I think I am tough on myself- intellectually and rationally I really do understand the logistics of some things within my own mind and it makes me treat myself badly as I think why can I not fix it? I know this is not good and I'm trying to unlearn it. It indeed is the more wanting to feel better without having overwhelming floods of uncontrolled emotions that would be a good start - it just seems that the more I know it can sometimes be mixed in with not feeling anything and sometimes feeling too much and it being too much. I think it's impatience - there's a lot going on, hence logically yes I am in good reason feeling this way; things have been improving incrementally and I just can't feel good about it. Got some good news today- opened the letter and felt nothing but numbness..that I hate.
 

pepecat

Well-Known Member
Hey tt (and anyone else out there....)
In my experience, being hard on yourself is a) common to fellow depressives (and myself), and b) probably the worst thing we could do to ourselves.
Yeah..... 'I have nothing to be depressed about / other people have worse things going on than I do / I should be able to pull myself together / other people don't react to crap like I do....etc ad infinitum....
We can be harder on ourselves than anyone else can, and it's hard to give ourselves a break.
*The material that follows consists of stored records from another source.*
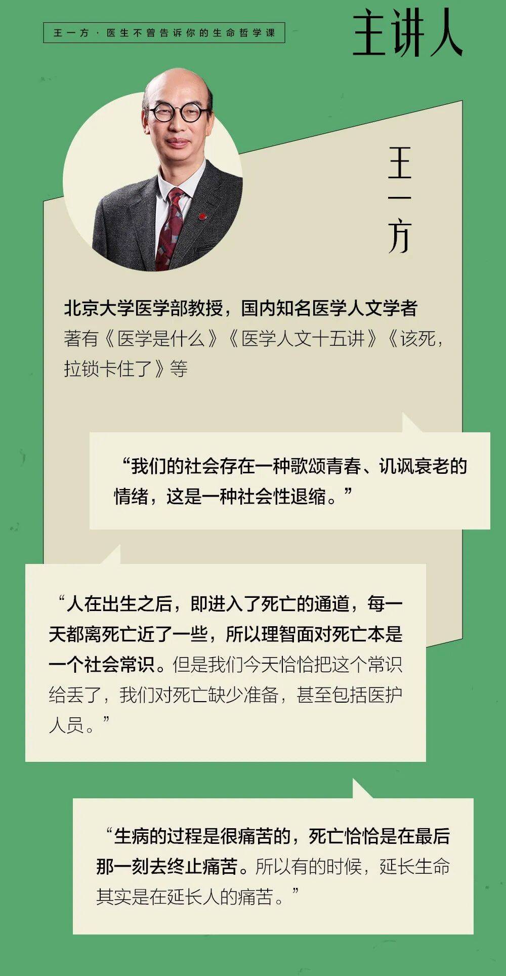 因此,《王一方·医生不曾告诉你的生命哲学课》,会从衰老、疾病和死亡这三个维度出发,关照与你息息相关的重要议题:
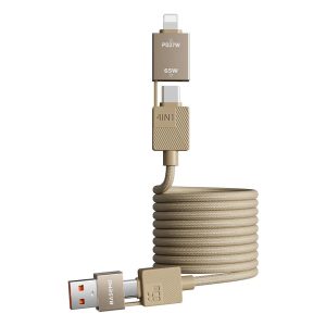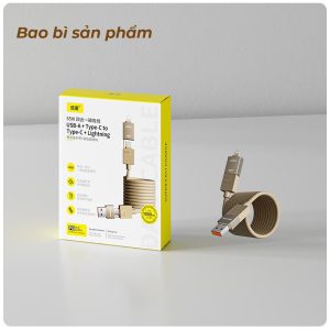 Sản phẩm đi kèm 3 đầu chuyển đổi: Lightning, Type-C và Micro USB. Điều này giúp người dùng có thể linh hoạt sạc cho nhiều thiết bị khác nhau mà không cần mang theo nhiều loại dây riêng biệt. Đặc biệt với những ai sử dụng cả iPhone, tai nghe không dây và pin dự phòng cùng lúc – chỉ cần một dây duy nhất là đủ.
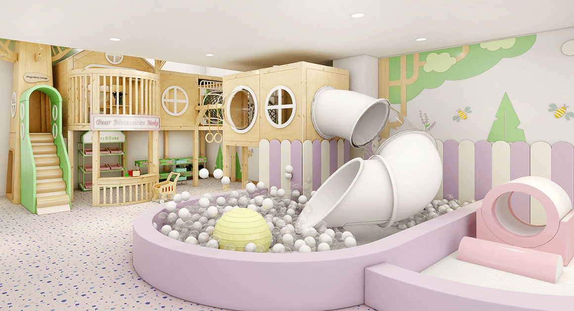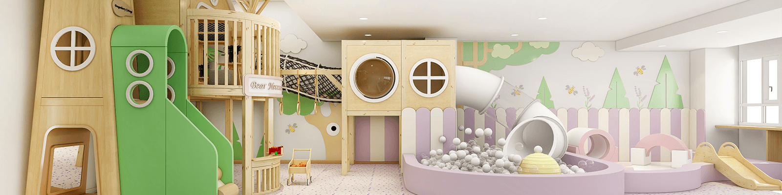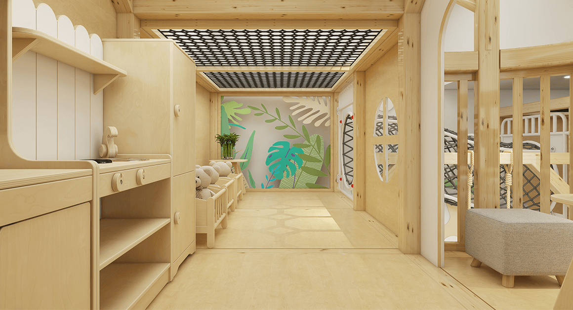 Centered on the principles of “free exploration, sensory stimulation, and social collaboration,” the design provides an environment where families can escape the stress of city life and enjoy relaxed and joyful family time with our indoor playground equipment. The project inspires children's desire for independent exploration and cultivates cognitive and social skills through role-playing. The color palette, primarily natural wood tones and purple, creates a comfortable and welcoming paradise.
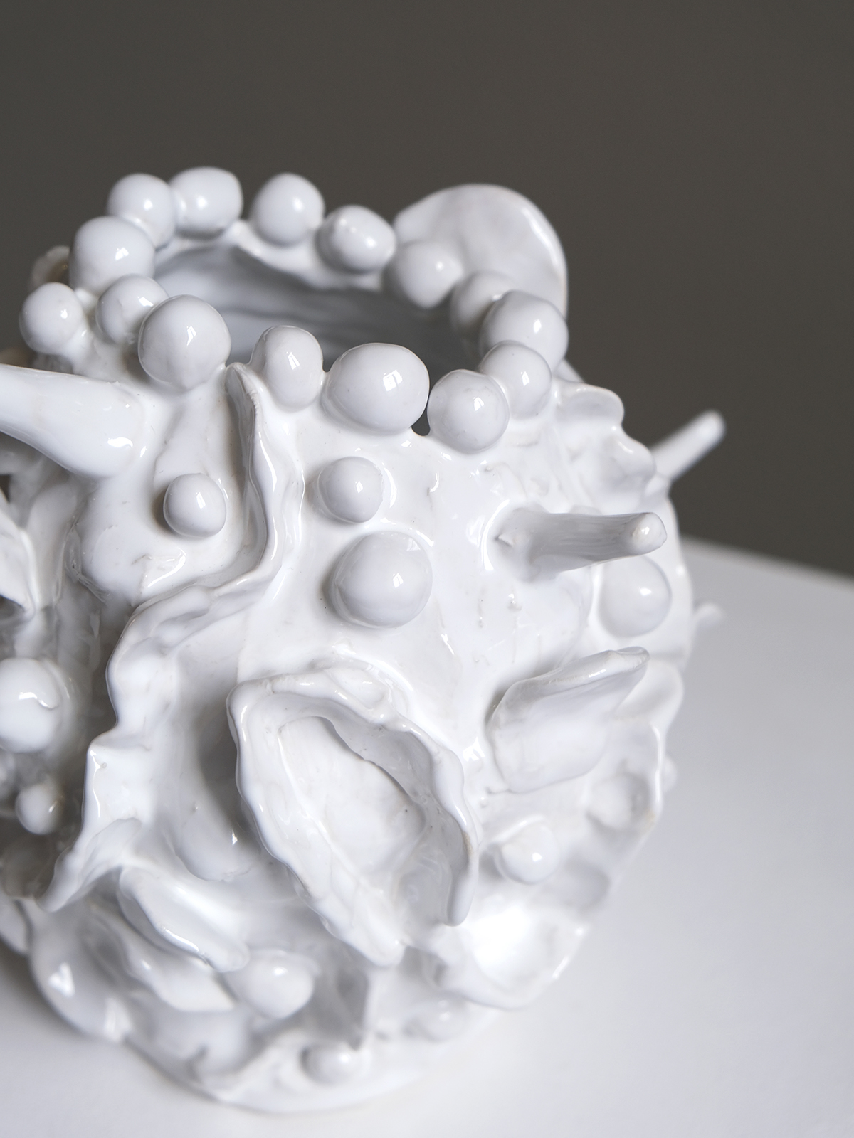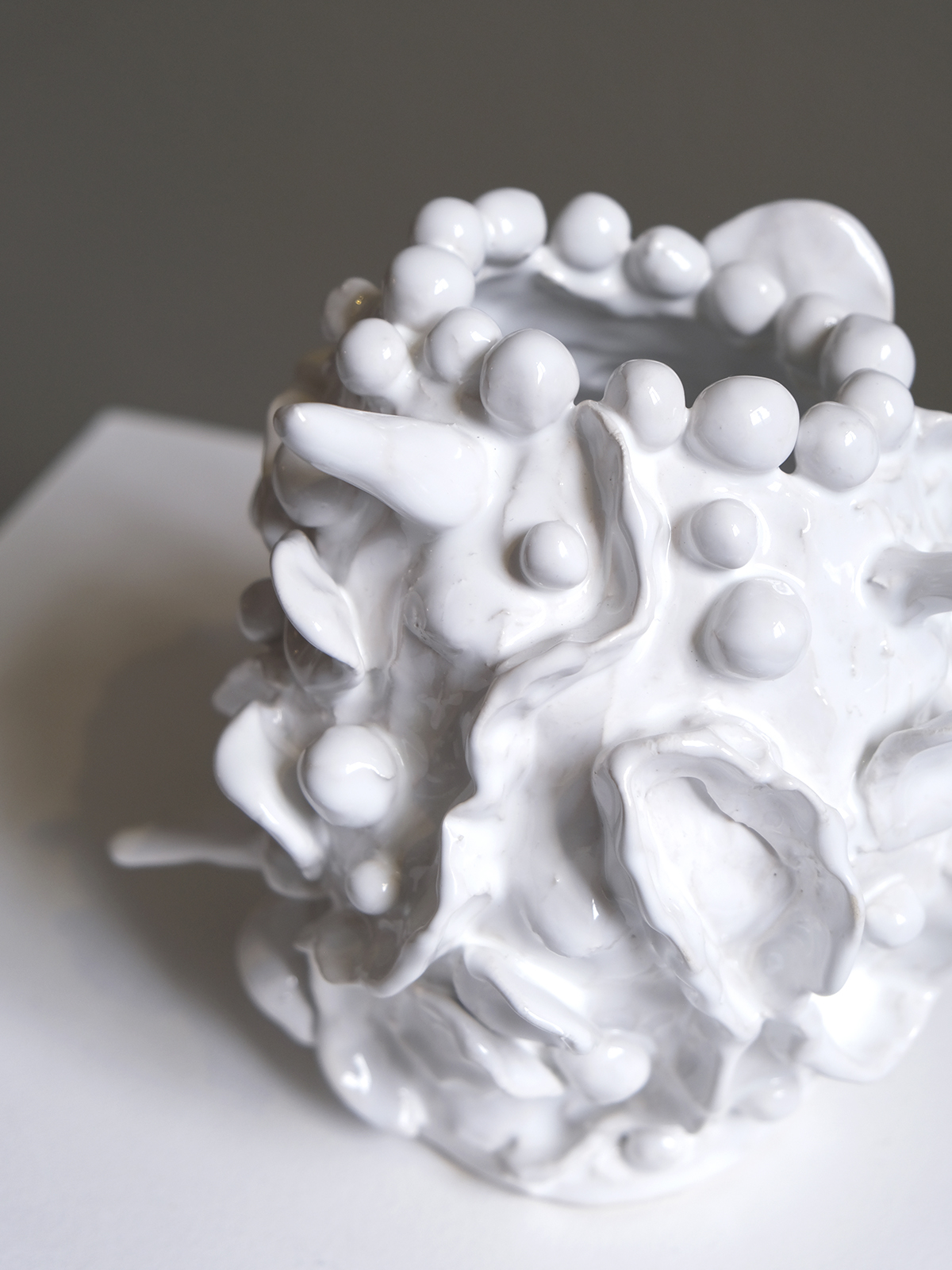 Em “Gestos e Volumes”, Eva apresenta o trabalho em cerâmica pela experimentação direta com o barro. Cada peça resulta de um processo instintivo, sem desenho prévio, onde o gesto das mãos define a forma e a textura. O resultado são volumes singulares, de pequena e média escala, que revelam a exploração da matéria em estado puro. “Gestos e Volumes” reúne um conjunto de peças escultóricas que evidenciam a abordagem contemporânea da artista à cerâmica, centrada na autenticidade e na singularidade de cada objeto.
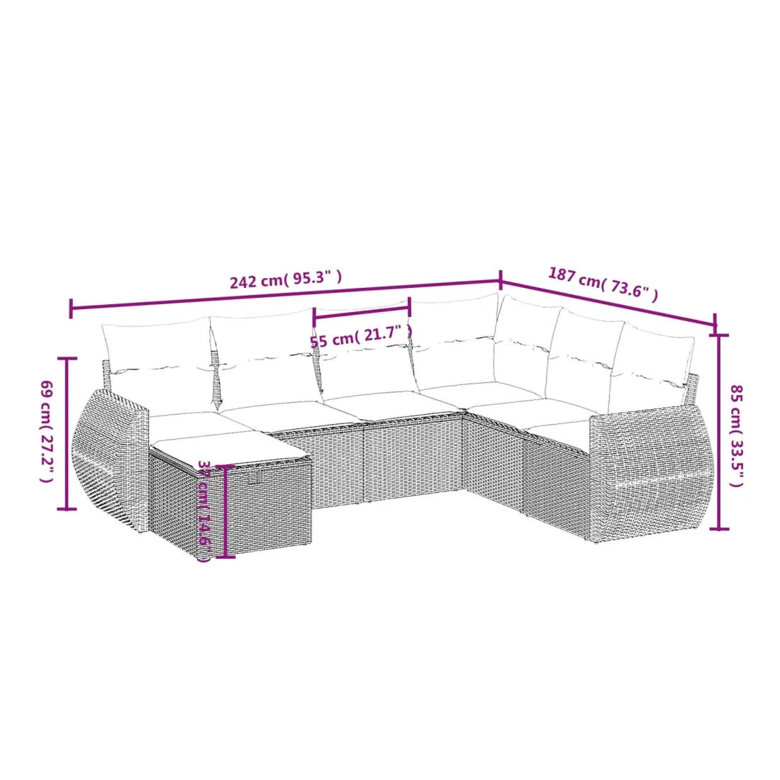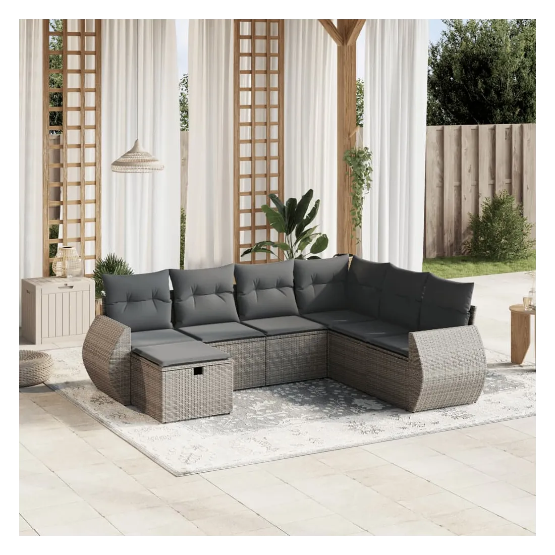 Cet ensemble de canapés de jardin est le complément parfait de votre arrière-cour, terrasse ou patio, offrant un espace confortable et accueillant pour discuter avec la famille et les amis ou simplement se détendre et profiter de l'extérieur. Matériau durable : la résine tressée, également connue sous le nom de poly rotin, est un matériau synthétique solide et nécessitant peu d'entretien qui ressemble au rotin naturel. Il est léger, facile à nettoyer et couramment utilisé pour les meubles d'extérieur en raison de sa durabilité et de ses propriétés de résistance aux intempéries.Expérience d'assise confortable : ce mobilier d'extérieur, doté de coussins épais, offre une expérience d'assise confortable.Housse amovible et lavable : ces coussins de siège sont dotés de housses amovibles pour un lavage et un entretien faciles.Cadre robuste et stable : le cadre en acier enduit de poudre assure la solidité et la stabilité du meuble de jardin pour une utilisation quotidienne à l'extérieur.Conception modulaire : cet ensemble de meubles d'extérieur a une conception modulaire, ce qui le rend complètement flexible et facile à déplacer, afin que vous puissiez créer un agencement de meubles d'extérieur personnalisé. Bon à savoir :Pour que vos meubles d'extérieur restent beaux, nous vous recommandons de les protéger avec une housse imperméable.
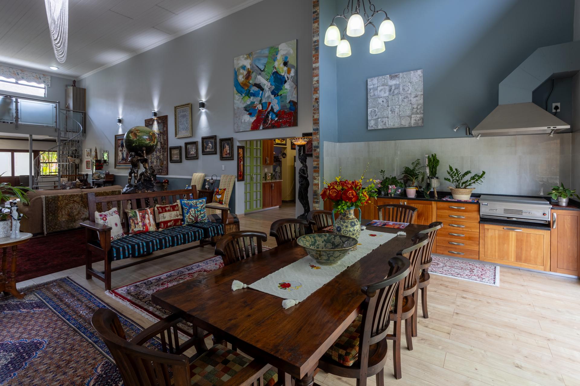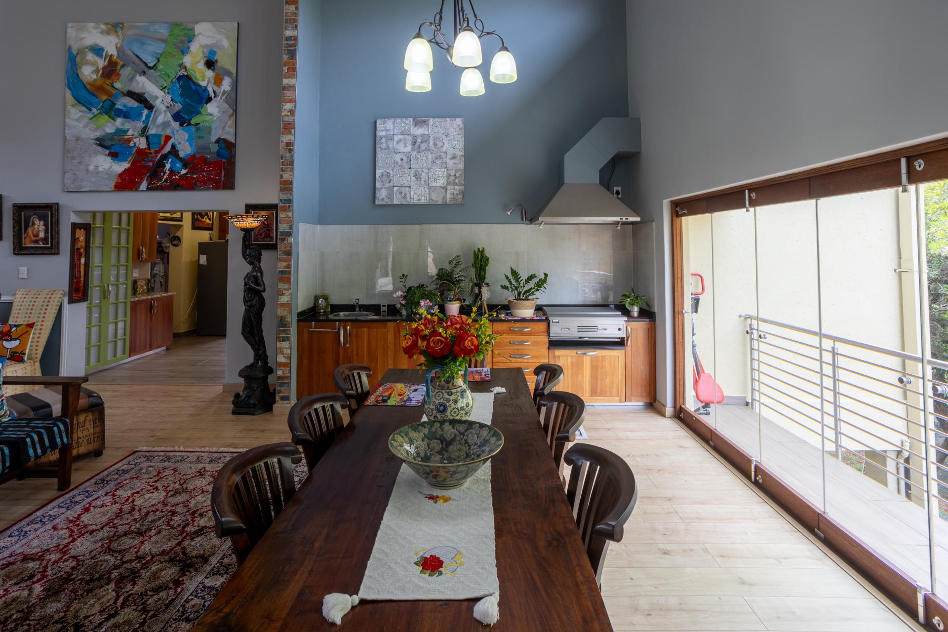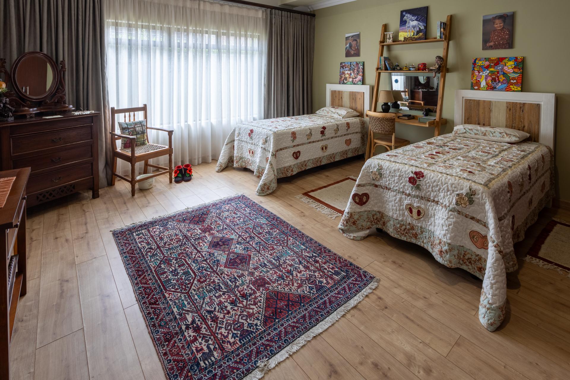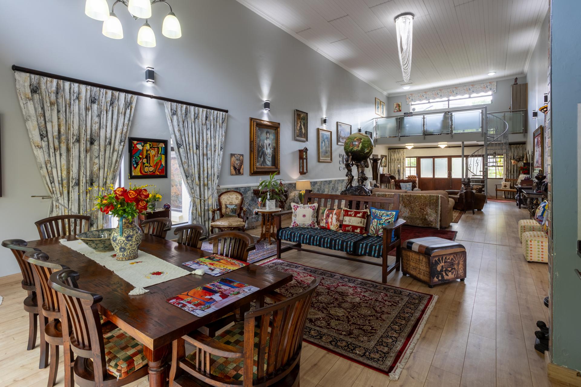 • Living Spaces: The open-plan living area seamlessly connects the kitchen, dining, and lounge spaces, making it ideal for entertaining or family gatherings. The area is enhanced by a double-volume ceiling, creating a sense of space and grandeur. Hertex wallpaper accents the walls, adding a touch of sophisticated style.

But we kinda need to, cos beating ourselves over the head only makes us feel worse, and then we feel guilty cos we feel crap, and then we beat ourselves up even more, and so the cycle goes on.
Not good.

We need to be patient, and remember that it takes time to recover from depression. It's not always a quick fix (much as we'd like it to be). And remember that for a while we might react more sensitively / erratically / whatever-ly to things, cos our mood is a bit all over the place. And also remember that we may not be the same people we were when we come out the other side of this. Depression changes people - it's certainly changed me. You learn stuff about yourself that you might not want to learn, but ultimately, if it helps you live 'better' (i.e you live in a way that suits you more, and not how you think other people think you should live) then it can only be a good thing.
 

trio25

Über Member
We need to be patient, and remember that it takes time to recover from depression. It's not always a quick fix (much as we'd like it to be). And remember that for a while we might react more sensitively / erratically / whatever-ly to things, cos our mood is a bit all over the place. And also remember that we may not be the same people we were when we come out the other side of this. Depression changes people - it's certainly changed me. You learn stuff about yourself that you might not want to learn, but ultimately, if it helps you live 'better' (i.e you live in a way that suits you more, and not how you think other people think you should live) then it can only be a good thing.

This is a good point, my partner calls me a new and improved version of me since I've been really ill. I'm still not 100% and my never be but I certainly think of others more and am slightly less selfish.